§ ABOUT THIS EXERCISE: Beginning with the line containing "与 HANA 拥有类似概念的还有" and going on through the line containing "品牌袋鼠女包2026新款手提斜挎包时尚软皮包送礼长辈精美节日礼物", the lines below are to be returned exactly, pictures excluded and nothing added.

§ GIVEN DATA:
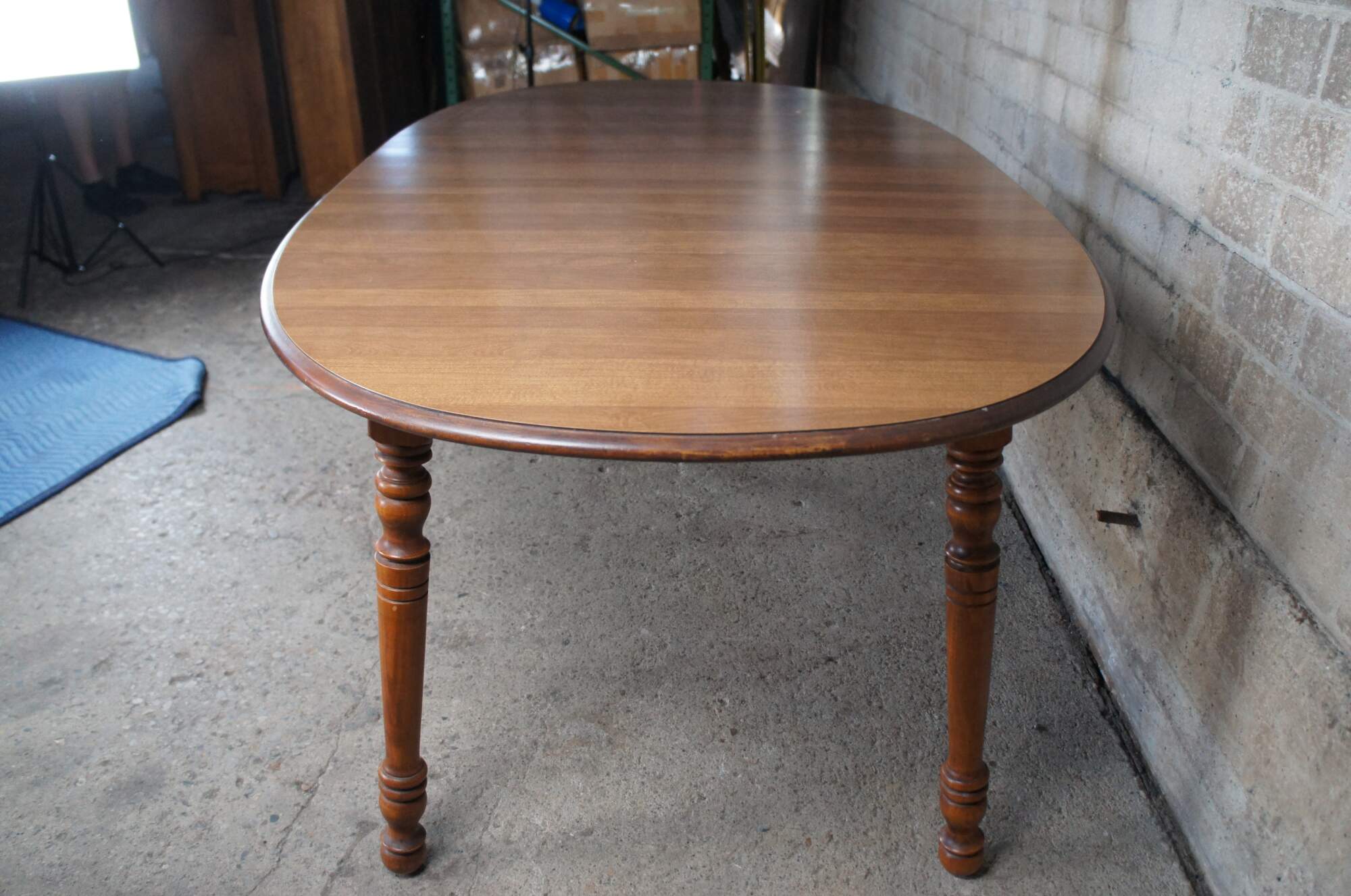 Tell City Chair Company Hard Rock Maple Dining Table, Circa 1960s. Features an oval form with colonial styling and two leaves for extension.
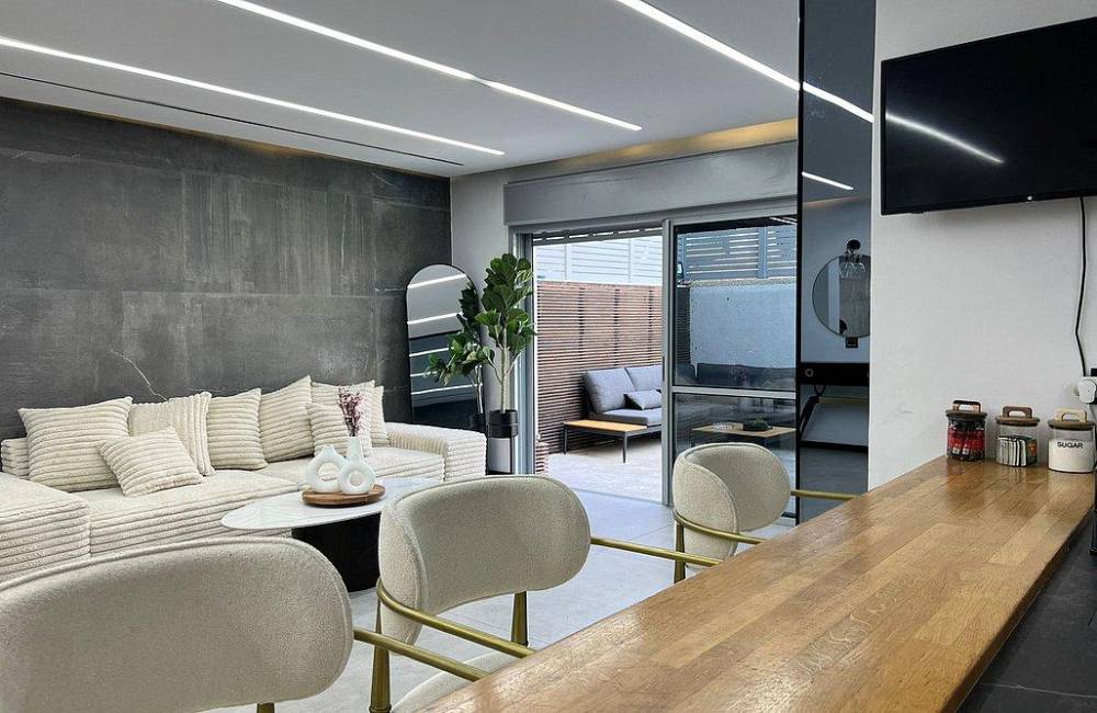 סלון רחב ידיים ובו מסך בגודל 80 אינץ עם חיבור לHOT
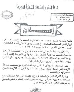 شركة السكر والصناعات التكاملية المصرية تعلن موعد بدء توريد محصول القصب لموسم 2024/2025
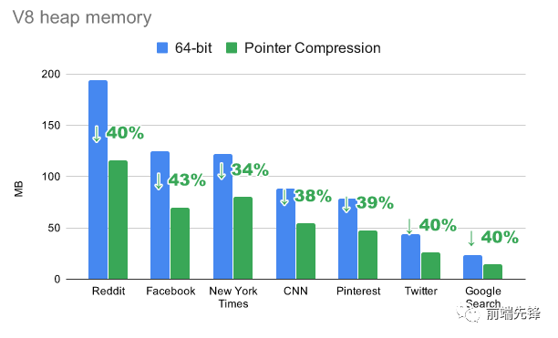 我们观察到指针压缩将 V8堆的大小减少了多达 43%!反过来,它可以将桌面版的 Chrome 渲染器进程内存减少多达 20%。
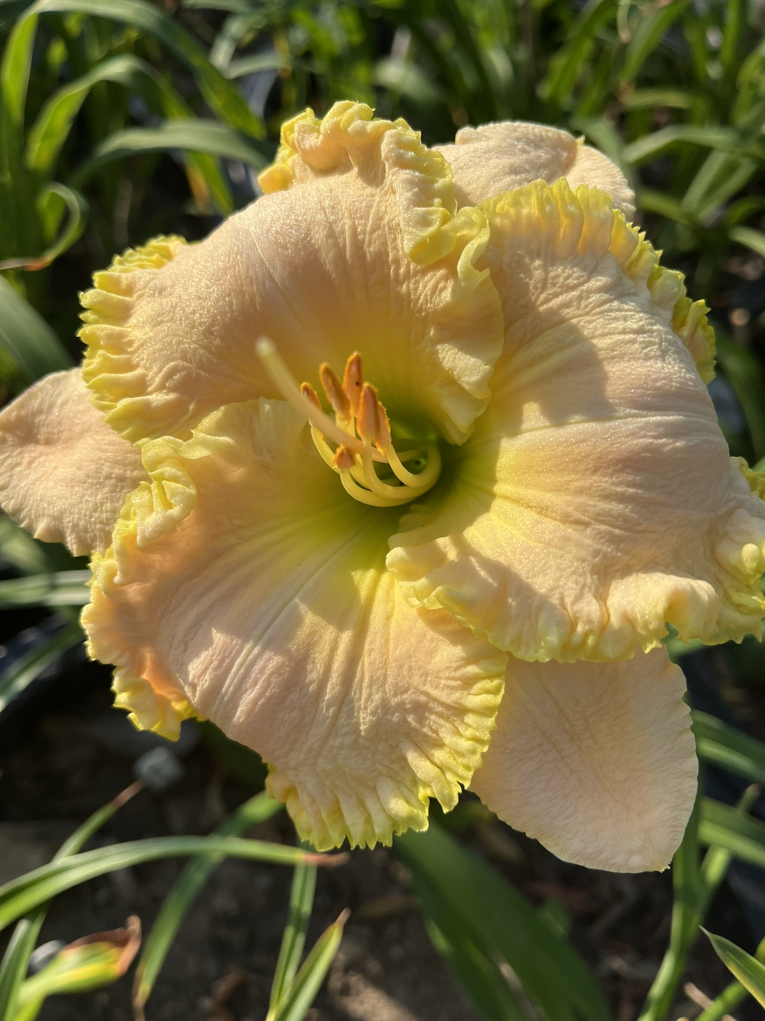 Cream with green and gold edge. Dormant. Korth said: “‘June Wedding Vow’ is a much improved flower out of our award winning ‘August Wedding’. Compared to ‘August Wedding’, ‘June Wedding Vow’ has a higher bud count, the flowers have wider petals, and the flower fancier edge (chartreuse with teeth). The newer ‘June Wedding Vow’ has the same great opening and fertility as ‘August Wedding’. This is a great garden plant.” Main pix from Korth. Other ones from us.
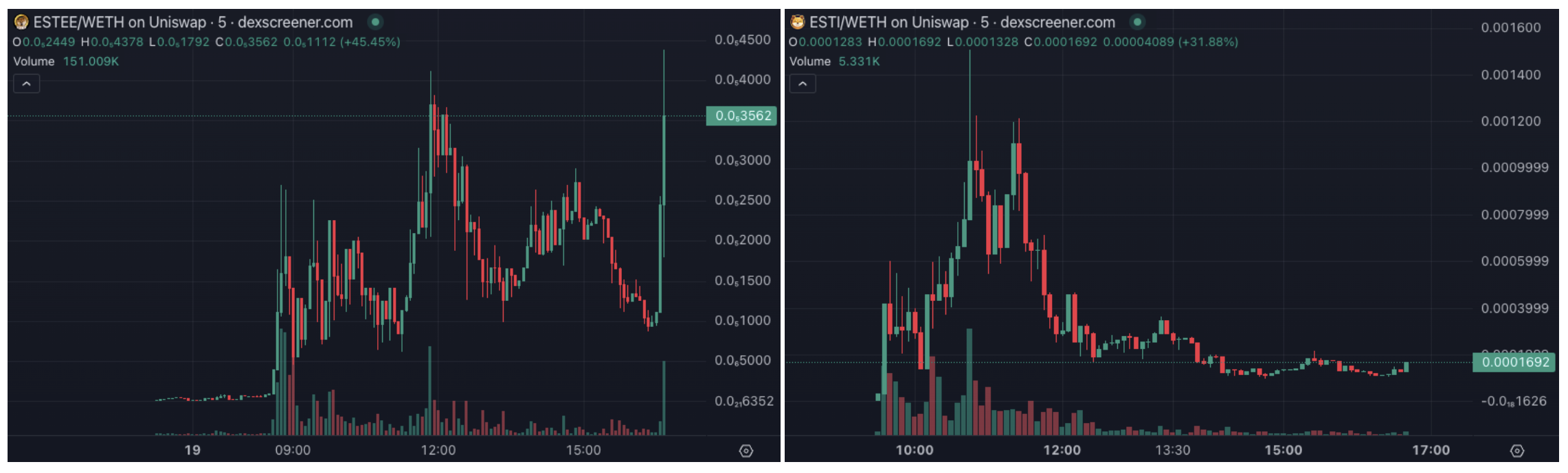与 HANA 拥有类似概念的还有 ESTEE、ESTI,前者市值最高接近 400 万美元,后者市值最高达 150 万美元。
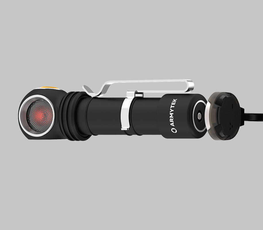 5 режимов яркости для каждого цвета, простое управление одной кнопкой и двойной клик для переключения между белым и красным светом.
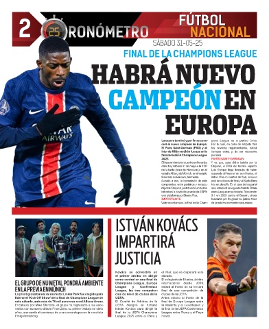 cabo hoy sábado 31 de mayo a la 1:00 'Orejona', el PSG del técnico español
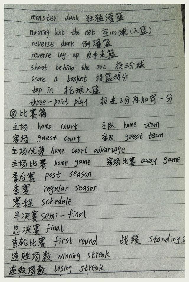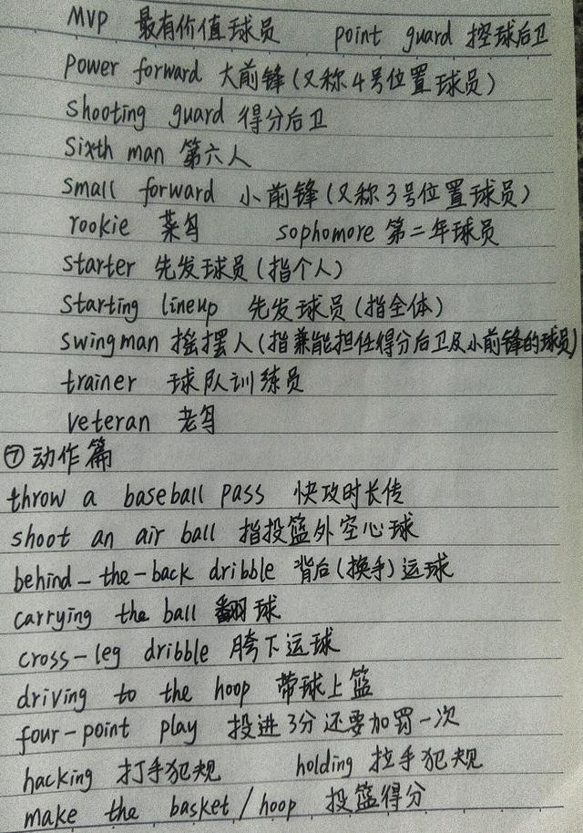 篮球英语词汇总结
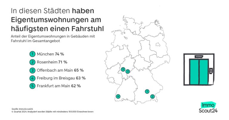 • In München können 74 Prozent der angebotenen Eigentumswohnungen mit Fahrstuhl erreicht werden – in Erfurt sind es nur 8 Prozent.
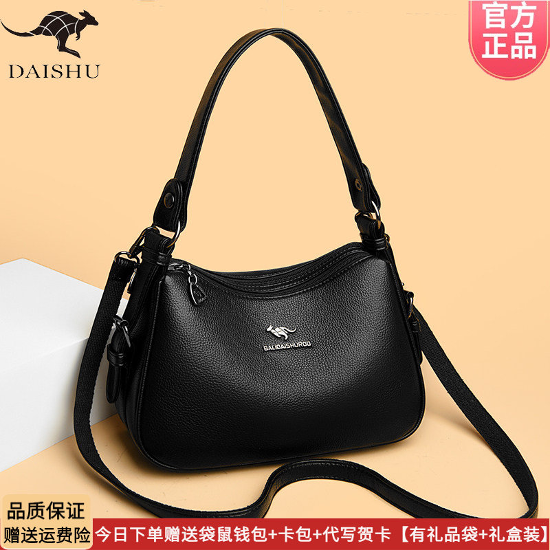 品牌袋鼠女包2026新款手提斜挎包时尚软皮包送礼长辈精美节日礼物
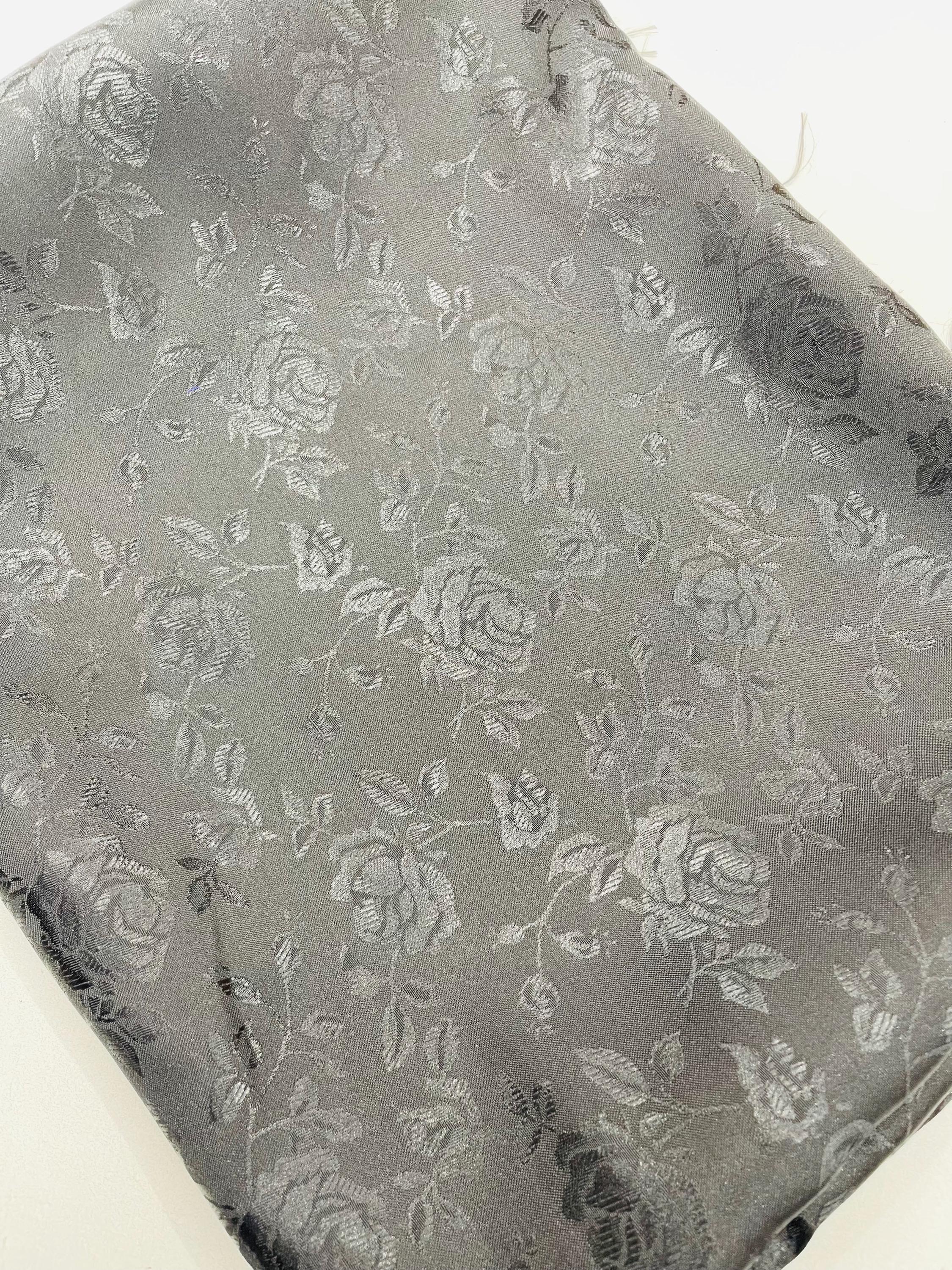 The subtle beauty of the floral pattern stitched into this fabric grows more apparent the closer you look. The fabric has a slight shine, but the pattern is stitched with a matte thread producing a very unique effect as it moves through the light. Note that the flower images are slightly different for each color (all are lovely) and since it is a brocade, the pattern is visible on both sides.
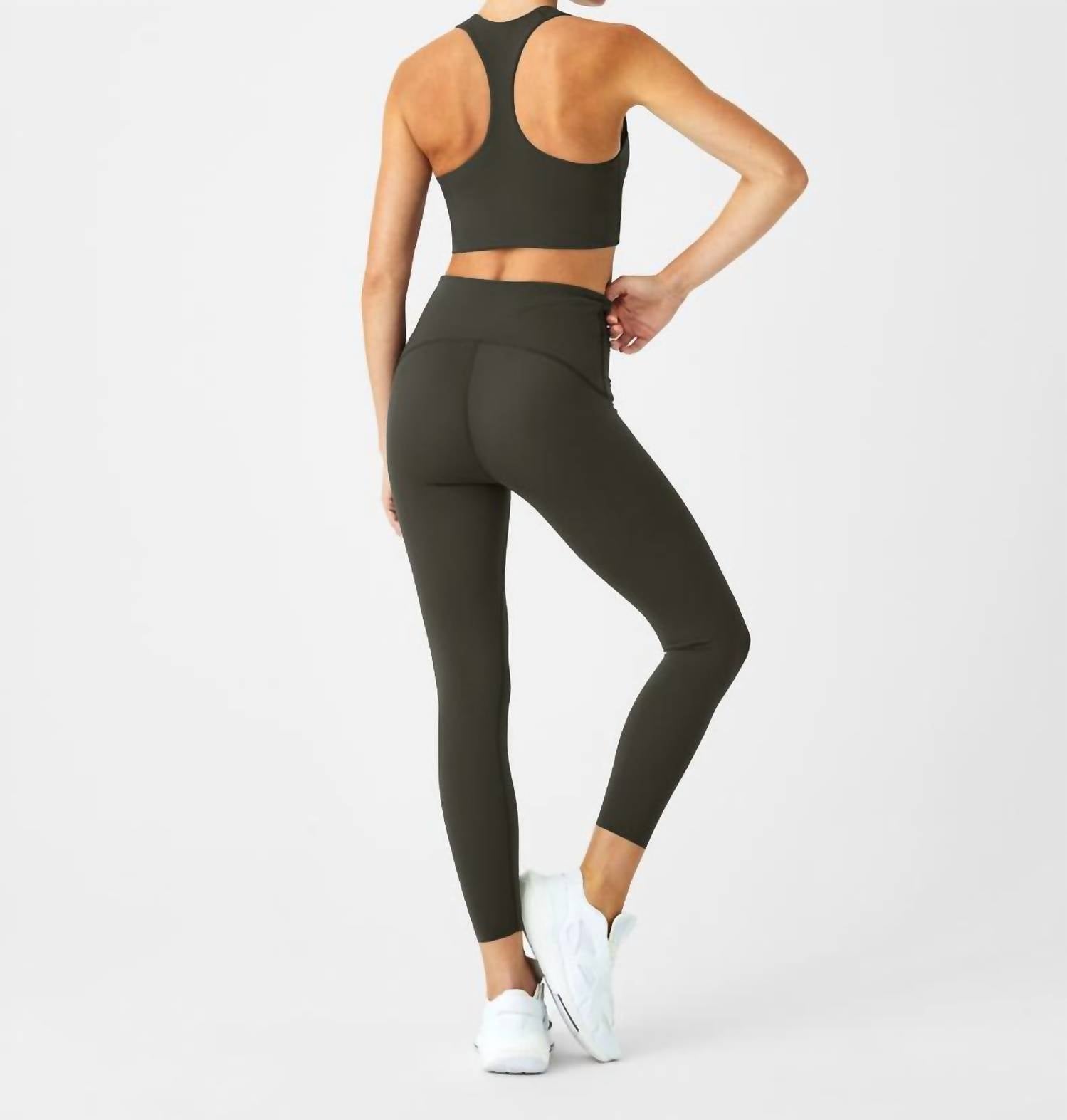 You'll be reaching for this best-selling legging all season long. Experience the Spanx Booty Boost Active 7/8 Leggings in Dark Palm, crafted for both style and performance. These high-rise leggings are made from 81% polyamide, 19% lycra, offering sculpting support with their signature contoured waistband and innovative design. With a 25" inseam, they feature a pull-on closure, hidden waistband pocket, and breathable, sweat-wicking material, ensuring comfort during every workout. Ideal for summer and perfect for athleisure, these leggings enhance your silhouette while providing a flattering fit.
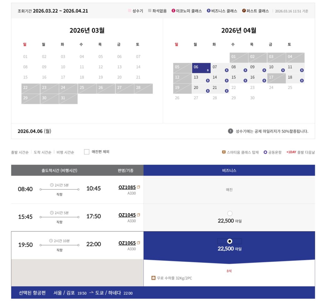 실제로 아시아나 홈페이지에서 확인해보면, 하네다 → 김포 귀국편은 아침 9시 출발편 마일리지 좌석이 풀리는 날이 제한적입니다. 늦잠 자고 싶은 여행자에게는 너무 가혹하죠.
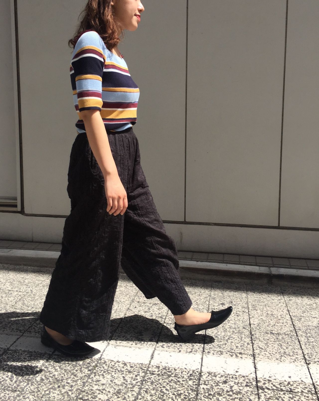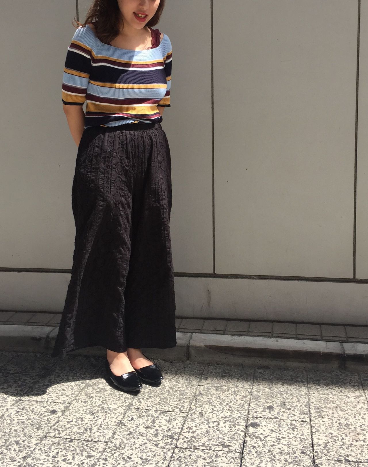 カラーボーダートップスとブラックワイドパンツにBLK3を合わせて◎

§ TASK ANSWER:
与 HANA 拥有类似概念的还有 ESTEE、ESTI,前者市值最高接近 400 万美元,后者市值最高达 150 万美元。
 5 режимов яркости для каждого цвета, простое управление одной кнопкой и двойной клик для переключения между белым и красным светом.
 cabo hoy sábado 31 de mayo a la 1:00 'Orejona', el PSG del técnico español
 篮球英语词汇总结
 • In München können 74 Prozent der angebotenen Eigentumswohnungen mit Fahrstuhl erreicht werden – in Erfurt sind es nur 8 Prozent.
 品牌袋鼠女包2026新款手提斜挎包时尚软皮包送礼长辈精美节日礼物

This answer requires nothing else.